А следом, в марте, Натали заключает письмо старшему брату необычными строками: «Прощай, дорогой Митинька, крепко целую сестёр, я так перед ними виновата, что уж не знаю, как у них просить прощения, скажи им, что я их по-прежнему очень люблю и жду не дождусь их обнять».

Но чем же она виновата перед сёстрами? Только лишь тем, что уже именуется госпожой Пушкиной, а они по-прежнему – всё ещё Гончаровы? Но ей ли не знать старую истину, что замужество сулит не одни удовольствия…

В начале лета из-за небывалой жары, накрывшей Петербург, Пушкины переехали на дачу на Чёрной речке. Здесь, на даче Миллера, в июле появился на свет младенец, наречённый Александром. И хотя событие то было радостным и желанным, да и поэт торжествовал, но молодая мать переживала далеко не лучшие времена: ей требовалось время, чтобы оправиться после тяжёлых родов. Так что тем летом о её путешествии в калужское имение, довольно дальнем и небезопасном, не могло быть и речи.

Да и у Пушкина планы изменились: вместо Астрахани он отправился в Оренбург и казачью станицу Берду по следам «самозванца» Емельки Пугачёва.
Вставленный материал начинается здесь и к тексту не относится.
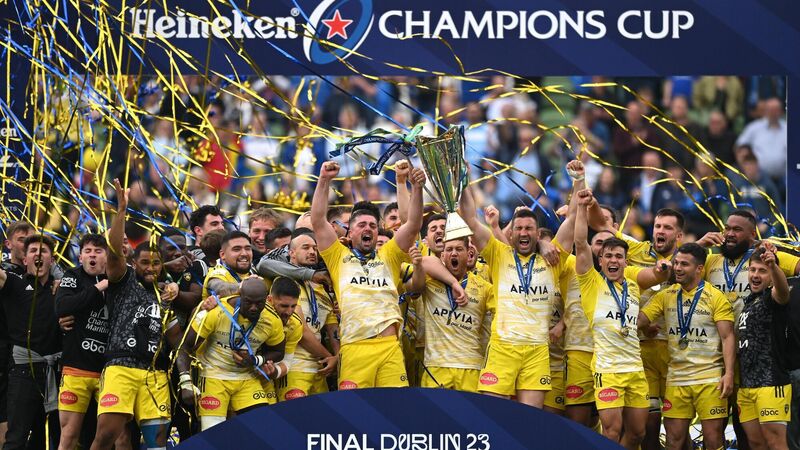 REIGNING CHAMPS: The La Rochelle team celebrate after lifting the Champions Cup in May. Pic: Brendan Moran/Sportsfile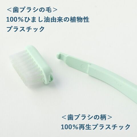 ハンドルは100%再生プラスチック、ブラシの毛は100%ひまし油由来の植物性プラスチックを使用し、環境保護に貢献。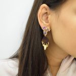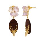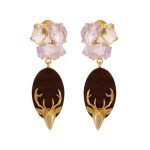 This pair comes with an intricate deer design finished with Amethyst stones and 14 k gold plating. The ferocious deer along with the raw amethysts give the design a bold yet dainty look.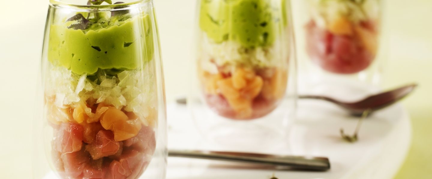 Nettoyer le fenouil et râper finement. Répartir le thon et saumon mariné dans des verres, ajouter ensuite le fenouil, puis le guacamole et terminer par quelques graines germées. Mettre au frais jusqu'au moment de servir.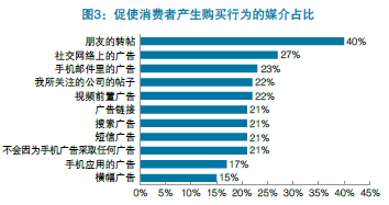 ●手机广告效果奇佳,尤其是从朋友那里获得的广告。33%的受访者表示曾经基于手机广告进行购买,其中,促使消费者产生购买行为的媒介占比中,40%是因为朋友转贴的广告而让起产生购买的欲望。

Натали же провела то непростое для неё лето с новорожденным сыном и годовалой дочкой на снятой поэтом даче на Чёрной речке. После первых неудачных попыток выдать Катеньку замуж хлопоты младшей Таши не ослабели, – напротив, полностью её захватили, делаясь всё жарче и настойчивей. Летом 1834 года надежда перевезти сестёр в Петербург стала самым ярким её желанием, и деятельная натура Натали проявилась здесь сполна. В письмах она чуть ли не теребит мужа просьбами, внушая ему свои сокровенные мысли.
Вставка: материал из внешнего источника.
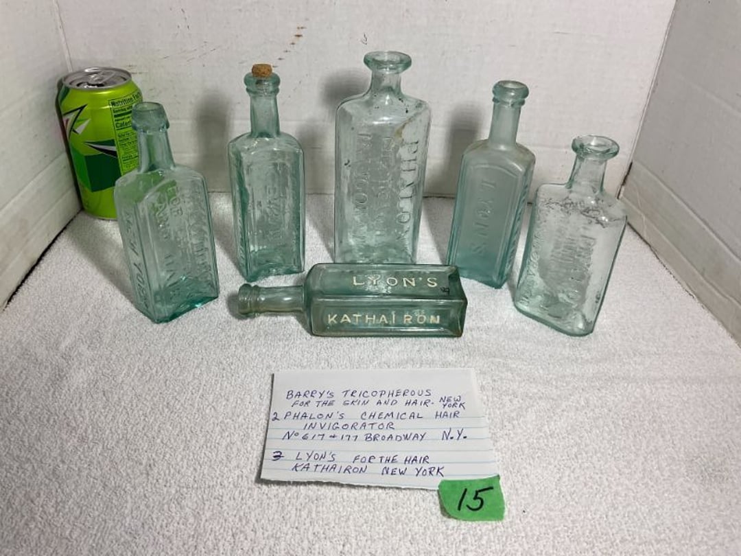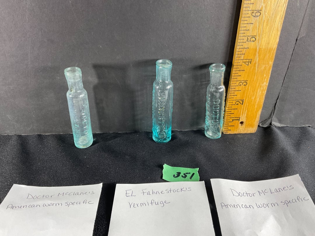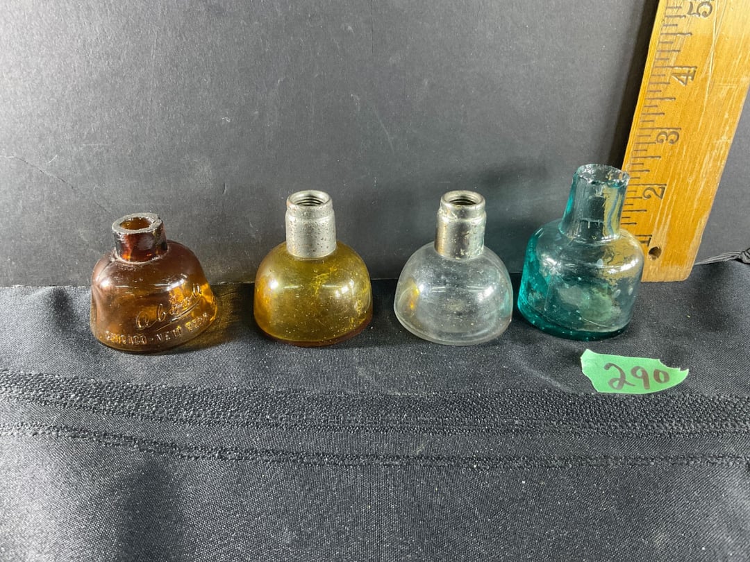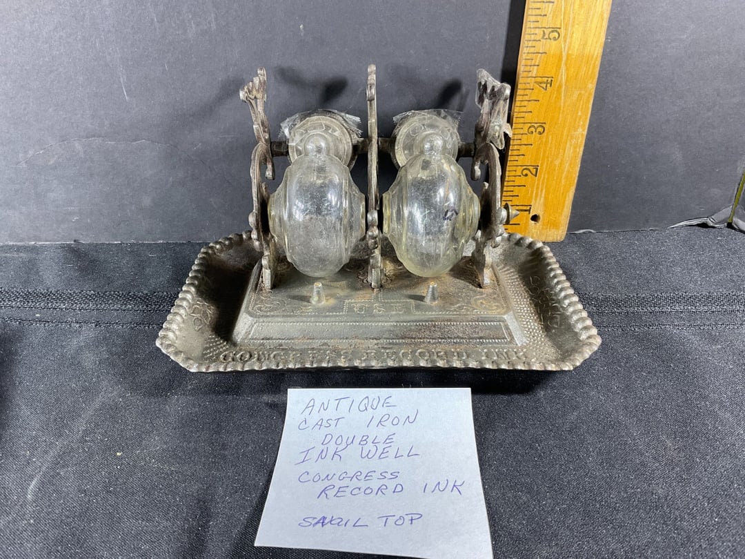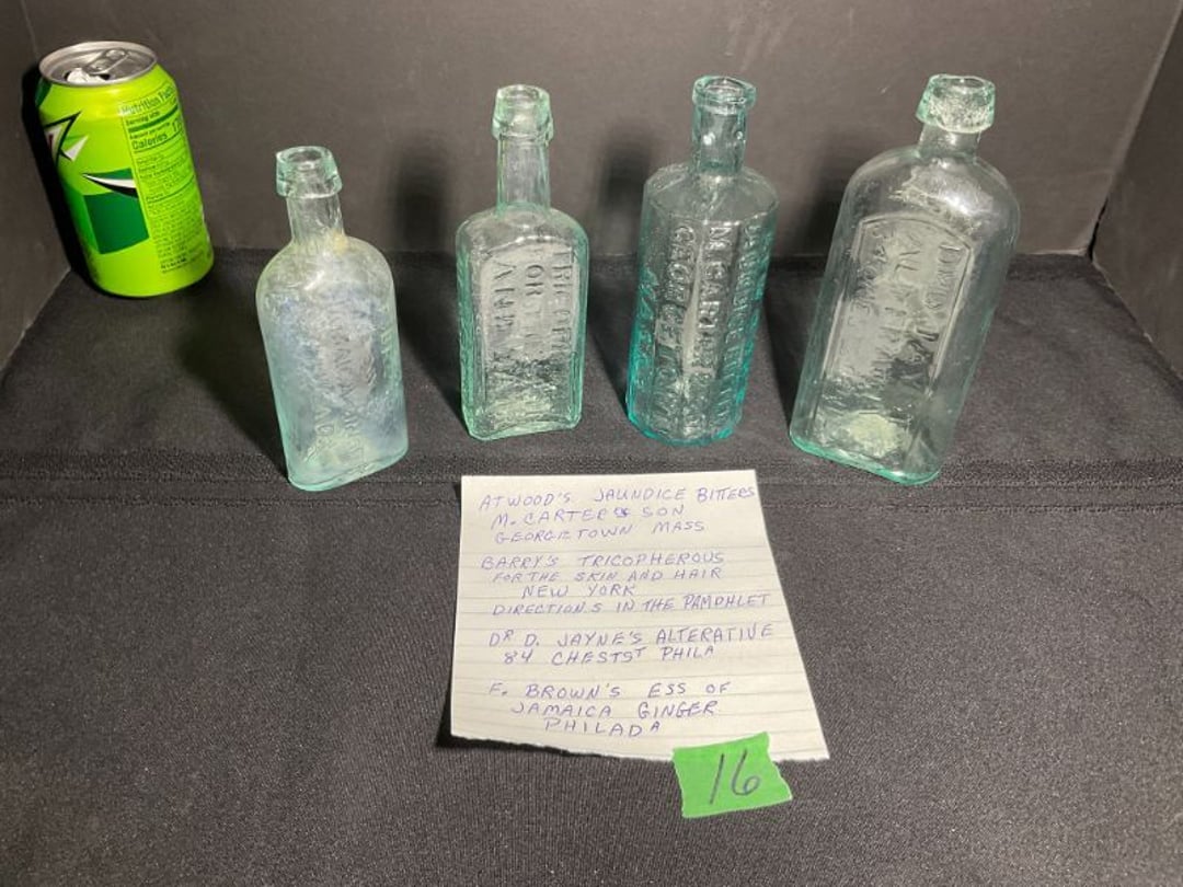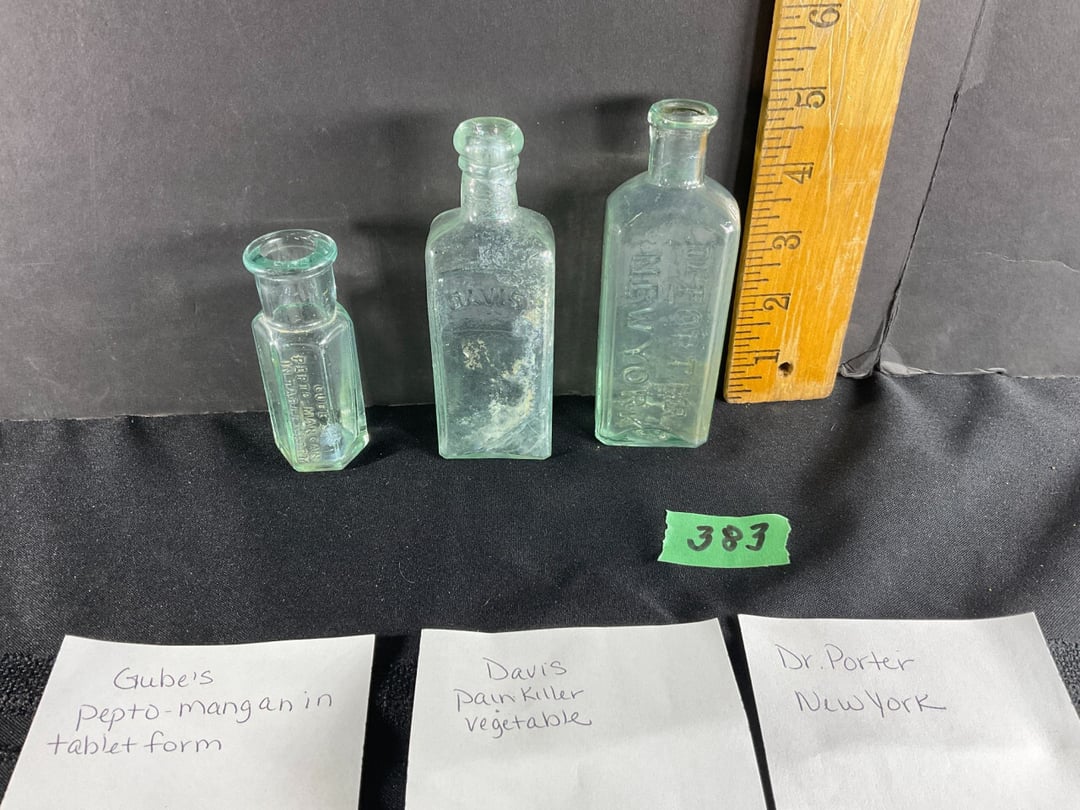 Vintage Coca-Cola Bottles, 6 Vintage Bottles, 6 Vintage Bottles, 8 Vintage Bottles, 8 Vintage Inkwells, 8 Vintage Inkwells , 8 Vintage Inkwells, 8 Vintage bottles & inkwells, 2 Vintage Seltzer bottles, 8 Vintage Inkwells, 7 Inkwells, holder, & fountain pen, 6 Sm. Vintage Bottles, 3 Shoe shaped Inkwells, 1 tiny inkwell, 6 Vintage Inkwells, 5 Vintage Bitter Bottles, 6 Vintage Bottles for hair, 4 Vintage Bottles, 6 Sm. Vintage Bottles, 5 Vintage Bottles for the Hair, 5 Vintage Bottles, 4 Vintage S.O. Richardson's Bitters Bottles, 4 Lg. Vintage Bottles , 2 Vintage Bottles - Warner's Safe Kidney Cure, 2 Vintage Bitters Bottles, 2 Vintage Bitter Bottles, 4 Lg. Vintage Medicine Bottles , 4 Vintage Bottles, 5 Vintage Bottles - 1 Wood, 1 crock, , 5 Vintage Glass jars & containers, 4 Vintage Medicine Bottles, Vintage Bottles, Jars, & salt cellars, 4 sm. Vintage Genuine Essence Bottles, 4 sm. Vintage Bottles, 2 Vintage Gun Bottles - 1 Kolt, 1 unmarked brown, 3 Wood (cracked) & Plastic Inkwells, 10" Cast Iron Boston Terrier Doorstop, 7 Vintage Metal bells, 6 Vintage Brass & Metal bells, 7 1/2" Vintage school bell, 6" decorative bell, 8" Vintage School Bell, 7 1/2" Vintage School Bell, 5" School bell, Metal & Brass Candle sticks & wall sconces , Vintage Candlestick holder & sniffer , Vintage Brass Inkwell w/ crystal well & horn, Vintage decor - 2 school slates, , 5 Vintage Porth Pies pans, 5 Vintage Porth Pies pans, 5 Vintage Porth Pies pans, 1930's Cast Iron Telegraph Inkwell , 6 Vintage Bottles - J.C. Wadleich, , 6 Vintage Bottles - Toothwash, , 6 Vintage Bottles - Dr. Tobias, , 5 Vintage Bottles - Coffeen's Linament,, 5 Vintage Bottles - Henery's, Moyer's bros., , 6 Vintage Bottles - G.W. Davis, , 6 Vintage Bottles - Medicated Worm Syrup, , 6 Vintage Bottles - Spalding 's Glue,, 6 Vintage Bottles - Anderson's Dermador, , 6 Vintage Bottles - C. Ellis & Co., Ether, , 6 Vintage Bottles - Buchan's Balsm of Life, , 6 Vintage Bottles - Spalding Glue, , 5 Vintage Bottles - S.O. Dunbar, , Pharmaceutical Beaker, Blue Pharma. Bottle, 7 Vintage Bottles - Lyon's Hair Product, , 7 Vintage Bottles - Jacob's Cholera, , Vintage Lighthouse bottle, Green bottle, , 4 Vintage Bottles - Collosol Ferromalt, , Vintage Handblown beaker, 2 Fitch bottles, 3 Vintage brown bottles - Paskola, Thyme,, 2 Vintage Green Bottles - J.J.W. Peters, , 2 Vintage Green Bottles , 3 Vintage Bottles - 2 Amber, 1 Green, 3 Vintage Bottles - Hartwig Kanto (white),, 3 Vintage Bottles - Carter's (green), , 3 Vintage Bottles - Carters (blue), , 3 Vintage Ink Bottles - Keller (clear) , 3 Vintage Bottles - Carter's (blue) w/ wooden spout, 3 Vintage Ink Bottles - Carter's (aqua), , 3 Vintage Ink Bottles - Underwood's Ink (cobalt), 3 Vintage Ink Bottles - Stafford's (green) , 3 Lg. Vintage Ink Bottles - Haley (pink), , 3 Vintage Bottles - Mouse trap exterminator, , 3 Vintage Ink Bottles - 2 S.S. Stafford's (cobalt), , 3 Sm. Vintage Ink Bottles - unmarked, 6 Vintage Ink Bottles - Harrison, Carter's, , 11 Vintage Inkwells - 1 blue china, , 11 Vintage Glass inkwells, 11 Vintage Glass inkwells, 11 Vintage Glass inkwells, 10 Vintage Glass inkwells, 10 Vintage Glass inkwells - 4 shoe wells, 10 Vintage Glass inkwells , 10 Vintage Glass inkwells, 10 Vintage Glass inkwells - 3 shoe shaped, 8 Vintage Glass inkwells , 9 Vintage Inkwells - 1 wood & glass , 10 Vintage Glass inkwells, 10 Vintage Glass inkwells , 8 Vintage Glass inkwells, 10 Vintage Glass inkwells, 10 Vintage Glass inkwells - pink, amber, , 10 Vintage Glass inkwells, 10 Vintage Glass inkwells - pink, purple, , 10 Vintage Glass inkwells - purple, green, , 10 Vintage Glass inkwells - pink, green, , 10 Vintage Glass inkwells - blue, green, , Vintage Bottles - various greens, Vintage Bottle - Dr. Stephen Jewett's, Vintage Bottle - Holtzermann's, Vintage Bottle - St. Drakes 1860 , Pepsin Bitters RW Davis Drug Co. bottle, Dr. Russell Med. Co. - Bitters Bottle, 2 - Dr. J. Hostetter's Stomach Bitters Bottle, Dr. H.C. Stewarts Tonic Bitters Bottle, S.T. Drakes 1860 Plantation Bitters Bottle, Nation Bitters Bottle (corn), 1872 Doyles Hop Bitters bottle, 1872 Doyles Hop Bitters bottle, 1872 Doyles Hop Bitters bottle, 1872 Doyles Hop Bitters bottle, 1872 Doyles Hop Bitters bottle, S.T. Drakes Bitters Bottle , Indian Restorative Bitters bottle, Dr. J. Sweet's Bitters Strengthening bottle, Chips Land Hop Bitters Co. bottle, Dr. Langley's Root & Herb Bitters Bottle, Aromatic Bitters Dr. Blakes, NY bottle, Celebrated Health Restoring Bitters, , Vintage Amber Tippecanoe bottle, Vintage Amber Tippecanoe bottle, Browns Iron Bitters Bottle , Chamberlains & Co. Curacoa Bitters , Old Hickory Celebrated Stomach Bitters, Yerba Buena Bitters bottle, Dr. CD Warners Bitters bottle, 1860 Plantation X Bitters bottle, S.T. Drakes 1860 Plantation Bitters bottle , Lash's Bitters Sample bottle , Congress & Empire Spring Co. , Congress & Empire Spring Co. , Davids Black Bottle - NY, Vintage Green Johann Hoff bottle, Vintage Amber Hathorn Spring bottle, Green W. Morton Bottle, Property of Rochester Brew Co. bottle, Dr. Harters Wild Cherry Bitters bottle, Vintage Green Patent Bottle, Vintage Amber I. W. Harper bottle , Lg. Dr. Harters Wild Cherry Bitters bottle, Lg. Dr. Harters Wild Cherry Bitters bottle, Hollander Drug Co. bottle, Vintage XXX Dandelion Bitters, West India Stomach Bitters , Ponds Kidney & Liver Bitters bottle, Dr. J. Hostetter's Stomach Bitters Bottle, Dr. J. Hostetter's Stomach Bitters Bottle, Dr. J. Hostetter's Stomach Bitters Bottle, Dr. J. Hostetter's Stomach Bitters Bottle, Dr. J. Hostetter's Stomach Bitters Bottle, Dr. J. Hostetter's Stomach Bitters Bottle, Dr. J. Hostetter's Stomach Bitters Bottle, Dr. J. Hostetter's Stomach Bitters Bottle, Dr. J. Hostetter's Stomach Bitters Bottle, Dr. J. Hostetter's Stomach Bitters Bottle, Dr. J. Hostetter's Stomach Bitters Bottle, Dr. J. Hostetter's Stomach Bitters Bottle, Dr. J. Hostetter's Stomach Bitters Bottle, Dr. J. Hostetter's Stomach Bitters Bottle, Dr. J. Hostette

Пушкин не медлит с ответом:

«Охота тебе думать о помещении сестёр во дворец. Во-первых, вероятно откажут; а во-вторых, коли и возьмут, то подумай, что за скверные толки пойдут по свинскому Петербургу. Ты слишком хороша, мой ангел, чтобы пускаться в просительницы. Погоди; овдовеешь, постареешь – тогда, пожалуй, будь салопницей и титулярной советницей. Мой совет тебе и сёстрам быть подале от Двора: в нём толку мало. Вы же не богаты. На тётку нельзя вам всем навалиться» (11 июня 1834 г. Петербург);

«Теперь поговорим о деле. Если ты в самом деле вздумала сестёр своих сюда привезти, то у Оливье оставаться нам невозможно: места нет. Но обеих ли ты сестёр к себе берешь? Эй, женка! смотри… Моё мнение: семья должна быть одна под одной кровлей: муж, жена, дети покамест малы; родители, когда уже престарелы. А то хлопот не наберёшься, и семейственного спокойствия не будет. Впрочем, об этом ещё поговорим» (14 июля 1834 г. Петербург).

Письма те, полные тревоги и дурных предчувствий, отправлены Пушкиным жене из дома Оливье, что «у Цепного моста, против Пантелеймона».
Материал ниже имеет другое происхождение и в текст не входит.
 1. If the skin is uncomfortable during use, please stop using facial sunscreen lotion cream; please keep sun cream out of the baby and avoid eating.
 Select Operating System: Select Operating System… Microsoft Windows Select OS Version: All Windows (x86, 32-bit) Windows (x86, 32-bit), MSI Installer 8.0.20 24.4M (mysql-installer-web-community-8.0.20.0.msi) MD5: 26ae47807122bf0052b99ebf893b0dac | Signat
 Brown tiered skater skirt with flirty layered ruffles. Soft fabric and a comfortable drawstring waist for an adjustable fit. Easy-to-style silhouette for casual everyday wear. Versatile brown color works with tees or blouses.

Квартиру в доме капитана гвардии Александра Карловича Оливье сняла ранее сама Натали. Новая квартира большая и стоит немалых денег – 4800 рублей в год! А место-то замечательное – рядом великолепный Летний сад!

Пушкин квартиру хоть и не видел, в ту пору его в Петербурге не было, с выбором жены согласился: «Если дом удобен, то нечего делать бери его – но уж по крайней мере усиди в нём».

Судя по замечанию, похоже, инициатива переездов принадлежала Наталии Николаевне: она обживала Петербург, или «вживалась» в него, становясь истинной петербурженкой. Патриархальная Москва с её простодушными нравами, наивными барышнями-подругами, родным домом с деревянными антресолями на Большой Никитской остались в прошлом, в девичестве. Она впитывала в себя благородство памятников и дворцов Северной столицы, прелесть её садов и очарование набережных. И Петербург, будто в благодарность, отплатил памятью, сохранив на столетия дома – свидетелей былой её жизни. Жизни с Пушкиным…

Дом Оливье располагался на редкость удачно: прямо против окон квартиры Пушкиных, на другой стороне улицы – храм во имя Святого Пантелеймона. Храм – один из первых в столице, возведённый после смерти Петра I, но по его монаршему замыслу, в честь побед русского флота при Гангуте и при Гренгаме, одержанных как раз в день Святого Пантелеймона.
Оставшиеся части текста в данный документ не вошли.